Procurado para falar sobre a sua situação, Heleno não se manifestou.
Após conclusão do inquérito sobre o suposto plano, a PF deve encerrar até o fim do ano a investigação sobre a alegação de uma estrutura paralela na Abin para monitorar e atacar desafetos do governo de Jair Bolsonaro.
Integrante da linha dura do Exército durante o regime militar sua carreira foi marcada por posições polêmicas. Foi comandante da Missão das Nações Unidas no Haiti e em 2007, assumiu o Comando-Geral Militar da Amazônia, mas perdeu a função após criticar a “política indigenista” do governo no segundo mandato de Lula.

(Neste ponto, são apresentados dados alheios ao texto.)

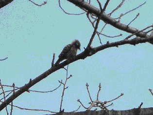 【左】カンムリカイツムリが悠然と泳いでました  【右】コゲラが盛んにえさを求めて・・・・

Ele conheceu o ex-presidente Jair Bolsonaro no fim da década de 70, quando era instrutor na Academia Militar das Agulhas Negras (Aman), em Resende, no Rio. Heleno foi inicialmente convidado para ser vice na chapa de Bolsonaro. Ele chegou a aceitar o convite, mas o PRP, partido ao qual estava filiado à época, vetou a coligação. Na sequência, Heleno solicitou sua desfiliação.
Preocupação com delação
Desde o envio da lista de indiciados à PGR em 21 de novembro, o Exército tem evitado se posicionar oficialmente. O argumento é que o processo ainda está em curso.

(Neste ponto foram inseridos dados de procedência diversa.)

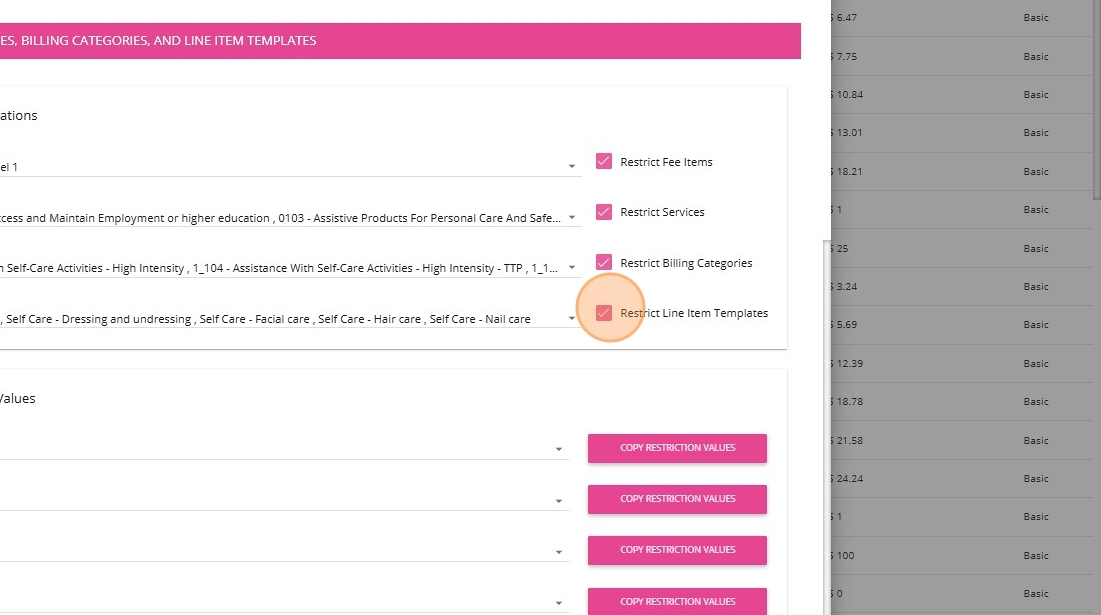4. Manage restrictions on line item templates to ensure that each type of expense is allocated to the correct funding category and to prevent accidental misallocation by your team. For example, you may want to allow only consumables to be charged against core funding, while restricting assistive technology components to their appropriate funding categories.

Integrantes do Exército dizem que a colaboração do tenente-coronel Mauro Cid, ex-ajudante de ordens de Bolsonaro, ainda não foi totalmente explorada.
Além disso, o silêncio tem outra justificativa: o receio de se indispor com apoiadores de Bolsonaro nas tropas, sobretudo militares da reserva. A cúpula do Exército avalia que é melhor aguardar o desfecho do processo, ainda que o inquérito da PF sobre o alegado golpe tenha sido concluído. O plano é só tomar medidas efetivas após a Justiça aceitar a denúncia dos envolvidos.
Entre os envolvidos, quem está na ativa fica na situação de sub judice, não pode ser promovido, transferido, fazer cursos, ganhar medalhas e exercer cargo de comando. Já a punição para militares da reserva é a perda de posto e patente. Mas isso depende da possível condenação pelo STF e do prazo de reclusão. Caberá ao Superior Tribunal Militar (STF), uma espécie de Corte de honra, decidir se o militar é indigno da carreira.
Neste momento, o Exército está providenciando o retorno do coronel Fabrício Moreira de Bastos, adido em Tel Aviv, capital de Israel. O militar em posto de destaque no exterior foi indiciado no inquérito da PF sobre a suposta trama golpista. A demora se deve aos trâmites da transferência e substituição no cargo, segundo a Força.
O Comandante do Exército, Tomás Paiva, tem orientado os comandantes das unidades onde os militares estão presos a assegurar que os reclusos não sofram qualquer interferência do direito de defesa.
De forma reservada, a cúpula da Força tem dito que os militares envolvidos devem resolver a sua situação com seus advogados e se defender perante a Justiça. Segundo a cúpula, a ideia é buscar um distanciamento cada vez maior dos militares ex-integrantes do governo de Jair Bolsonaro na rotina dos quartéis.